Well, all our bench players sucked today. Mike James have been off since his hot start, if he doesn't start showing some consistency I'm ready to start encouraging going to Francis and Brooks for PT. 

Yao 4 MVP!!!


----------



## Krimzon (Feb 26, 2007)

Yao and T-Mac saved the day. Francis is Wells of last year.


----------



## OneBadLT123 (Oct 4, 2005)

Yao Mania said:


> Well, all our bench players sucked today. Mike James have been off since his hot start, if he doesn't start showing some consistency I'm ready to start encouraging going to Francis and Brooks for PT.
> 
> *Yao 4 MVP!!!*


The way he has been dominating the game, this isn't exactly what I would consider a long shot.
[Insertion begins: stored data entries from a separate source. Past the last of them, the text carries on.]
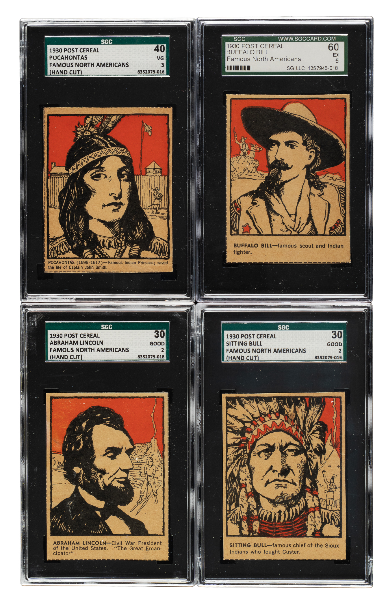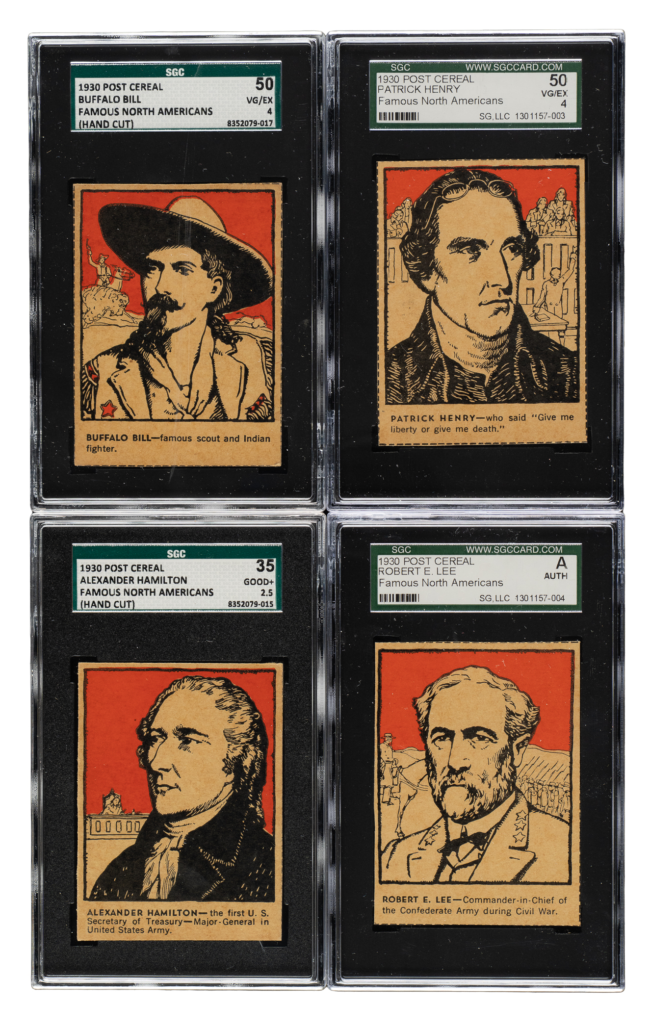 Collection of eight 1930 Post Cereal "Famous North Americans" cards, each graded and encapsulated by SGC. SGC Grading Composite: EX 60 (1 card): Buffalo Bill. VG/EX 50 (2 cards): Buffalo Bill and Patrick Henry. VG 40 (1 card): Pocahontas. GOOD+ 35 (1 card): Alexander Hamilton. GOOD 30 (2 cards): Abraham Lincoln and Sitting Bull. Authentic (1 card): Robert E. Lee. Total: 8 cards. The size/weight of this item requires that there will be an additional shipping charge for this lot.
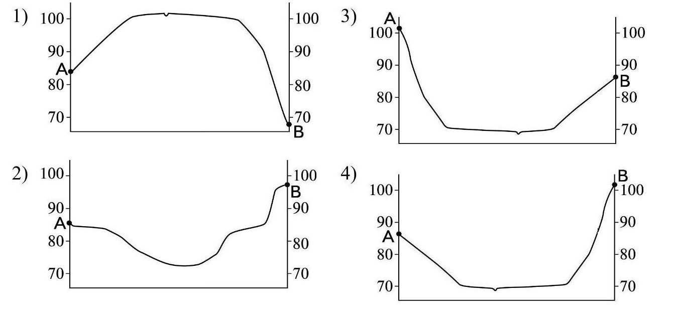 Задание 11. На рисунках представлены варианты профиля рельефа местности, построенные на основе карты по линии А – В разными учащимися. Какой из профилей построен верно?
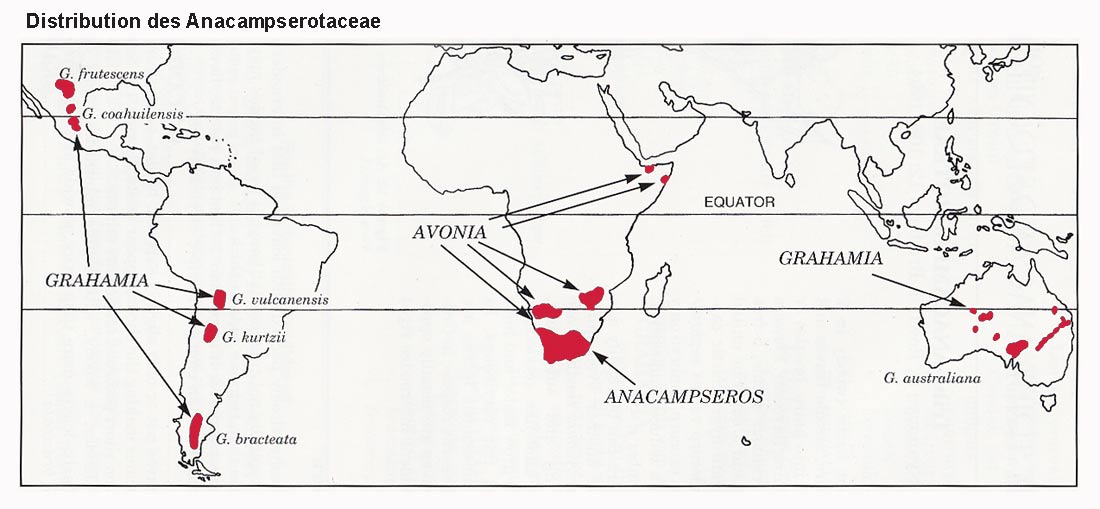 Une plante très proche d'Anacampseros par sa fleur et ses fruits identiques, c'est la raison de son classement dans la même famille. On ne peut la rencontrer qu'au Mexique, en Argentine ou en Australie.
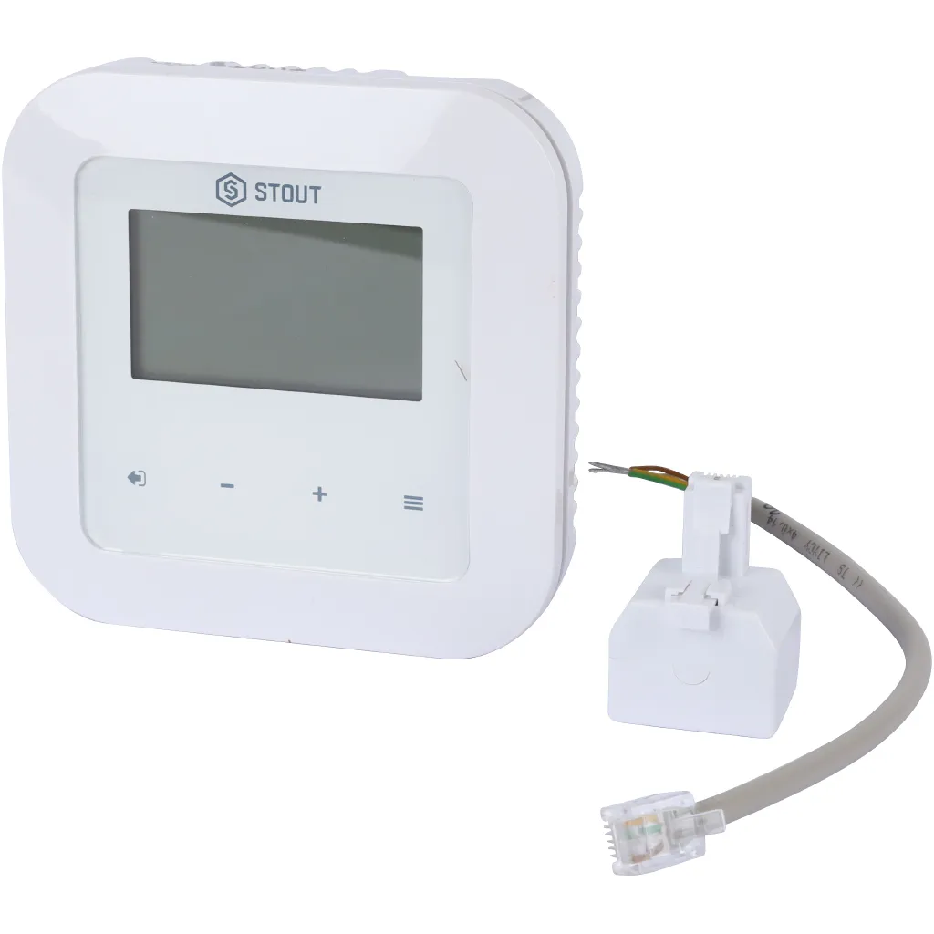 Проводной комнатный терморегулятор для контроллеров I-2, I-3 и I-3 Plus с коммуникацией RS Stout RI-1 белый STE-0101-001007
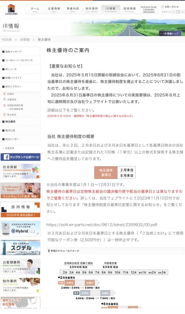 株式会社ラックランド(証券コード: 9612)は、2025年5月15日の取締役会において、2025年8月31日の割当基準日をもって株主優待制度を廃止することを決定しました。
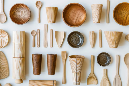 Wooden spoons, bowls, cups, and other kitchen tools arranged on a white surface.
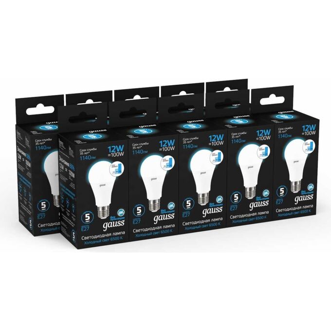 Лампа светодиодная Gauss 102502312-S 12Вт E27 груша 220B 6500K св.свечения белый холодный уп/10шт
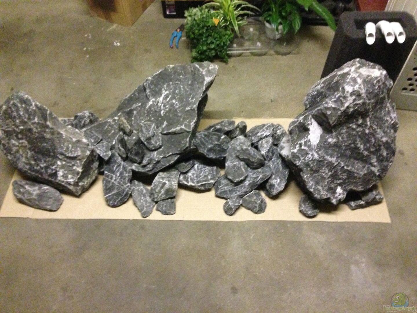 Plan: Eigenbau Steine aus Neopor, Flie??enkleber und Abtönfarbe versiegelt mit Epoxidharz von Breddemann! Ergebnis: Warsteiner Steine mit einem Gewicht von ca. 200 Kg 3 Fundament Punkte mit gro??en Steinen Links: 23 kg (ca. 30cm x 35cm) Mitte: 54kg (ca. 60cm x 30cm) Rechts: 72 Kg (ca. 60cm x 35cm)
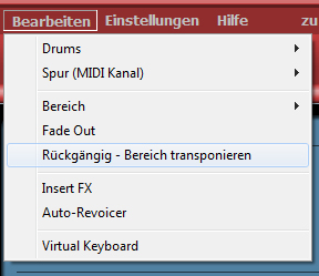 | Diese Funktion ermöglicht das Transponieren z.B. eines Refrains, einer Strophe, eines Gitarrensolos oder eines Intros u.s.w. Es ist auch möglich einzelne Bereiche, einzelner Spuren zu transponieren, auch wenn es Musikalisch keinen Sinn macht. Dazu wählt man den Bereich aus, der transponiert werden soll. Und so geht's: Von: 2 | 01 Das bedeutet; Startposition des zu transponierenden Bereiches ist Takt 2, Schlag 1. Bis: 10 | 01 Hier gibt man das Ende des zu transponierenden Bereiches an. Takt 10, Schlag 1. Mit den grünen Pfeiltasten transponiert man nun den ausgewählten Bereich um Halbtonschritte nach oben oder nach unten. |

He is playing legitimate MVP ball. Not just because his numbers are similar, but his assists, and blocks are up as well.


----------



## hroz (Mar 4, 2006)

Yao was shooting at an extremely high % but he still only got 15 shots..........


NOTE I didnt watch the game but I wanted to make that point maybe there was a good reason for it?????????


----------



## HayesFan (Feb 16, 2006)

hroz said:


> Yao was shooting at an extremely high % but he still only got 15 shots..........
> 
> 
> NOTE I didnt watch the game but I wanted to make that point maybe there was a good reason for it?????????



He touched the ball on a lot of possessions, set screens to get Tmac open shots or they tried to get him the ball and forced it inside ending in a turnover. He also had a couple of slick passes out to shooters that missed. Should have had more assists.

He played a great game on both ends of the court last night.


----------



## hroz (Mar 4, 2006)

HayesFan said:


> He touched the ball on a lot of possessions, set screens to get Tmac open shots or they tried to get him the ball and forced it inside ending in a turnover. He also had a couple of slick passes out to shooters that missed. Should have had more assists.
> 
> He played a great game on both ends of the court last night.


Thanks. Having watched a 3 games(in exam period in Australia so only 3) this season I feel like Yao passes off too much. He has the ability to beat the double team and wish he would try now and again. Not sure if this game was one of them but it would be interesting to watch.


----------



## Dean the Master (Feb 19, 2006)

Missed the comeback win by the Rockets? Want to see T-Mac got blocked by Okafor (haha, maybe you want to see it)? Here is the highlights video  of the Sunday evening Rockets comeback win. Enjoy.


----------



## Cornholio (Feb 13, 2005)

Dean the Master said:


> Missed the comeback win by the Rockets? Want to see T-Mac got blocked by Okafor (haha, maybe you want to see it)? Here is the highlights video  of the Sunday evening Rockets comeback win. Enjoy.


Those highlights are the only way I've been able to see the Rockets, but this week ESPN supposedly(sp?) will show both games against LA and SA. :yay:


----------